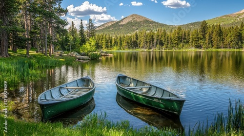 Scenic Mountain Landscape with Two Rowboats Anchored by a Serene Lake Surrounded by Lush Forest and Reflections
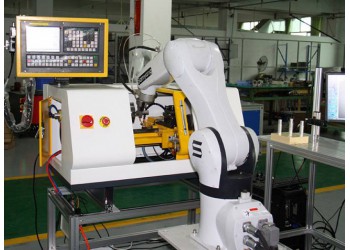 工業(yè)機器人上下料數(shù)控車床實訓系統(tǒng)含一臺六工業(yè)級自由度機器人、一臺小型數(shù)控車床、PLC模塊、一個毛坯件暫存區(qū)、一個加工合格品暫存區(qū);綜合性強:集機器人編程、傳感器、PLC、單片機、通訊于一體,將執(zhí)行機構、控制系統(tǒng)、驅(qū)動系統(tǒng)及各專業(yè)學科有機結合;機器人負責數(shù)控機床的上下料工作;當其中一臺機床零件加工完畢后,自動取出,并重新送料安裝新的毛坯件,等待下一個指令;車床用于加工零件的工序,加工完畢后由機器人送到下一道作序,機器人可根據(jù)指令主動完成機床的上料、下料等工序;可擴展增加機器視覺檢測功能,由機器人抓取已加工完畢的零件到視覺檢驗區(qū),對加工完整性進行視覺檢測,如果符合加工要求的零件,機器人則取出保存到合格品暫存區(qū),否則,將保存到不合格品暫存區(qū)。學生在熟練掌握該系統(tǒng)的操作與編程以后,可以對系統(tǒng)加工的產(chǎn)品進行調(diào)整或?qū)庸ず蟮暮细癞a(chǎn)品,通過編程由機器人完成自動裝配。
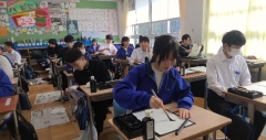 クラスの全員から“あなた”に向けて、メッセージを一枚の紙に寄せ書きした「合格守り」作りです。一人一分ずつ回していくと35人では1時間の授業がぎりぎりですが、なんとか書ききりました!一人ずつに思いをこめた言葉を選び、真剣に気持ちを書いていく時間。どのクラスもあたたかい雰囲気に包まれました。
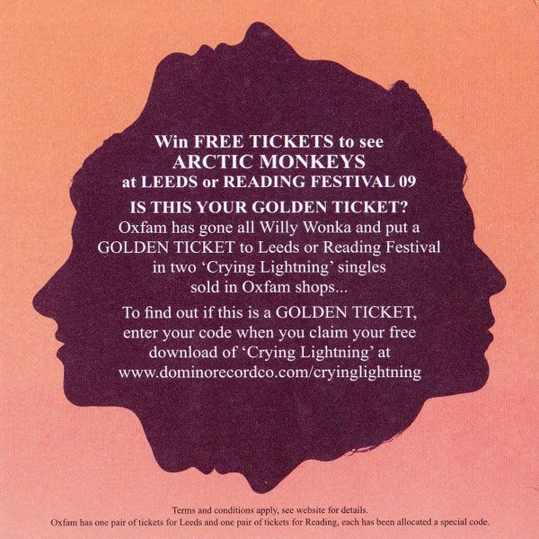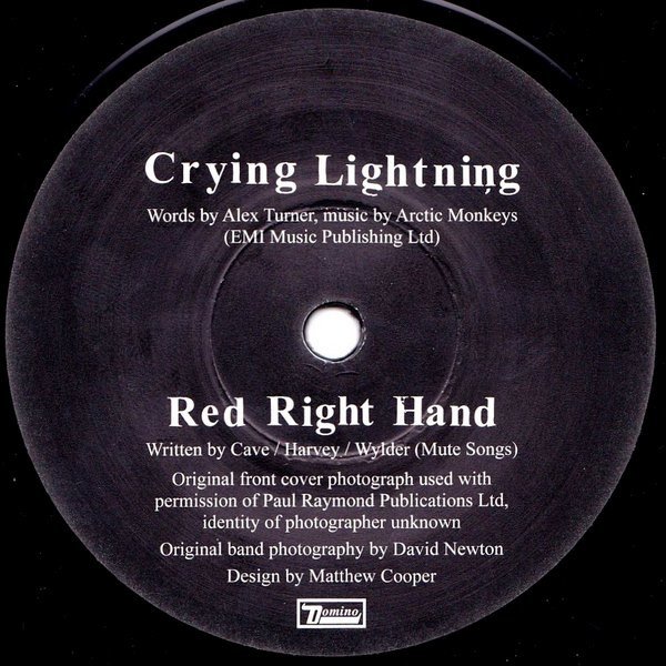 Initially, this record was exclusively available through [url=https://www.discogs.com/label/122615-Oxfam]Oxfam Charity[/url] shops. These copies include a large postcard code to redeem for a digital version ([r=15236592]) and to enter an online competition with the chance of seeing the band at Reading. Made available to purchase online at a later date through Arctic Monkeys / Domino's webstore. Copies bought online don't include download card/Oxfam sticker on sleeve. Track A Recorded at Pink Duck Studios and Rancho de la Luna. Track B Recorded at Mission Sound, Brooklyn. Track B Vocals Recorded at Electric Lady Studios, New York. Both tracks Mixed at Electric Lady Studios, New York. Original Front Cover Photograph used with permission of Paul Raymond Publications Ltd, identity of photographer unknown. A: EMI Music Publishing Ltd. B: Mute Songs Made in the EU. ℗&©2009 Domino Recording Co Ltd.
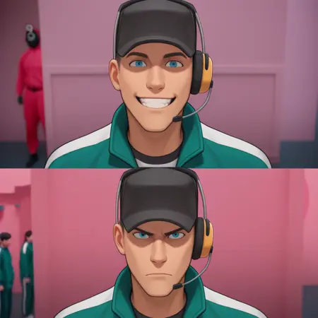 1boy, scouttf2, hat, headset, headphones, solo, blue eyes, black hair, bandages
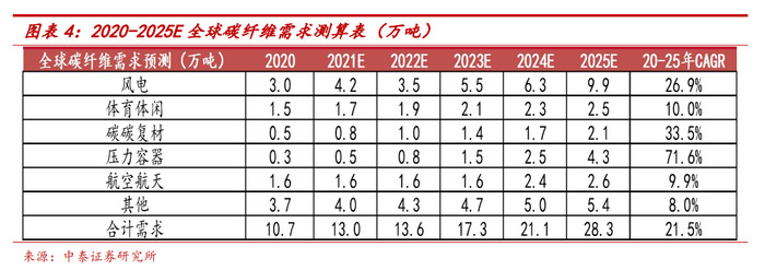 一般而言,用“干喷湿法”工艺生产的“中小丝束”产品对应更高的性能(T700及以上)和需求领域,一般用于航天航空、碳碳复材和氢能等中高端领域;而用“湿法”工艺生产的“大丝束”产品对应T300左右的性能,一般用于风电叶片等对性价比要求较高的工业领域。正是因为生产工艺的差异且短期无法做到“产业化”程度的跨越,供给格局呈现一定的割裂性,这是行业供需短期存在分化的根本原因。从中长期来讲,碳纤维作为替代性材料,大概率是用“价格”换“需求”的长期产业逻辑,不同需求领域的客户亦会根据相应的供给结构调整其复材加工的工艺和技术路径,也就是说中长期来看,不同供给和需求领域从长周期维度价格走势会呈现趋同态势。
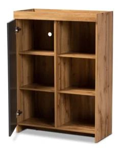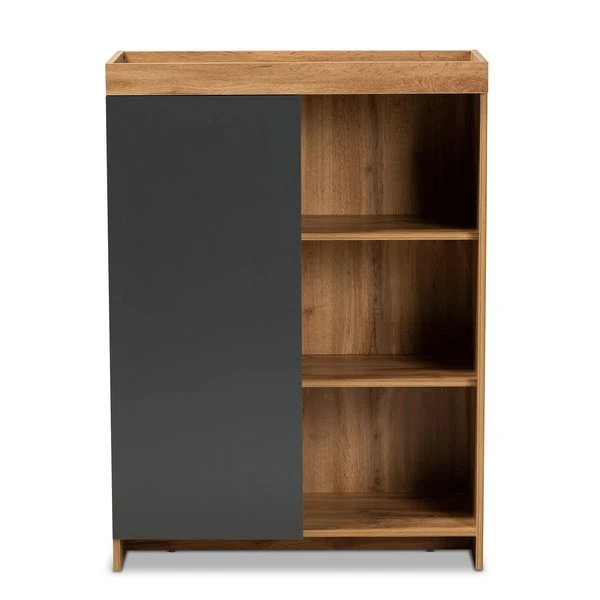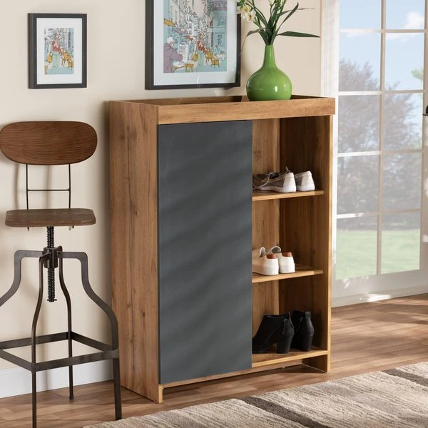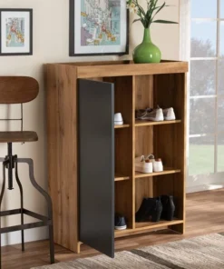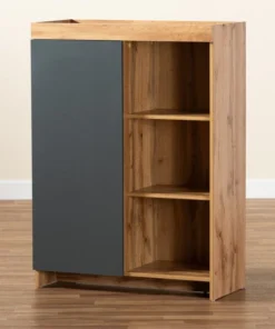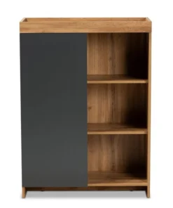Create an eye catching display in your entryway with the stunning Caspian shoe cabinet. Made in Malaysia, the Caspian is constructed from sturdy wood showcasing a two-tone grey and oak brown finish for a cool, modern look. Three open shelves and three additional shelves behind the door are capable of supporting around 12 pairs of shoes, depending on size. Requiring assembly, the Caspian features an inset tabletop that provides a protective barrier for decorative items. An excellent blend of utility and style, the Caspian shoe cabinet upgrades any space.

========================

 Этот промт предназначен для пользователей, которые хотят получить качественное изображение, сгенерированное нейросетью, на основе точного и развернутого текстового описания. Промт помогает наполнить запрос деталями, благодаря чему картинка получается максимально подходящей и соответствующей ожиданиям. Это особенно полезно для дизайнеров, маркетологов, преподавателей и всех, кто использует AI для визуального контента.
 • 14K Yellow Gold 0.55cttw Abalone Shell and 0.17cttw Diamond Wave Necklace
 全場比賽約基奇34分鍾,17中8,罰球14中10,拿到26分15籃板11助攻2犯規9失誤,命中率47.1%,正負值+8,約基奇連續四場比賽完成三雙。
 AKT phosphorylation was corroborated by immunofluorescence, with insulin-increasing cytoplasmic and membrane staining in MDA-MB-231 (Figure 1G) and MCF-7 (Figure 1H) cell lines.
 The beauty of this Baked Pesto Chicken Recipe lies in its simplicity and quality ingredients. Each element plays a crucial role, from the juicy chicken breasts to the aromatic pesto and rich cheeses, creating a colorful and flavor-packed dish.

========================

**TASK BRIEF**:
Reproduce only the lines above spanning from the line containing "全場比賽約基奇34分鍾,17" through the line containing "The beauty of", word for word.

**RESPONSE**:
 全場比賽約基奇34分鍾,17中8,罰球14中10,拿到26分15籃板11助攻2犯規9失誤,命中率47.1%,正負值+8,約基奇連續四場比賽完成三雙。
 AKT phosphorylation was corroborated by immunofluorescence, with insulin-increasing cytoplasmic and membrane staining in MDA-MB-231 (Figure 1G) and MCF-7 (Figure 1H) cell lines.
 The beauty of this Baked Pesto Chicken Recipe lies in its simplicity and quality ingredients. Each element plays a crucial role, from the juicy chicken breasts to the aromatic pesto and rich cheeses, creating a colorful and flavor-packed dish.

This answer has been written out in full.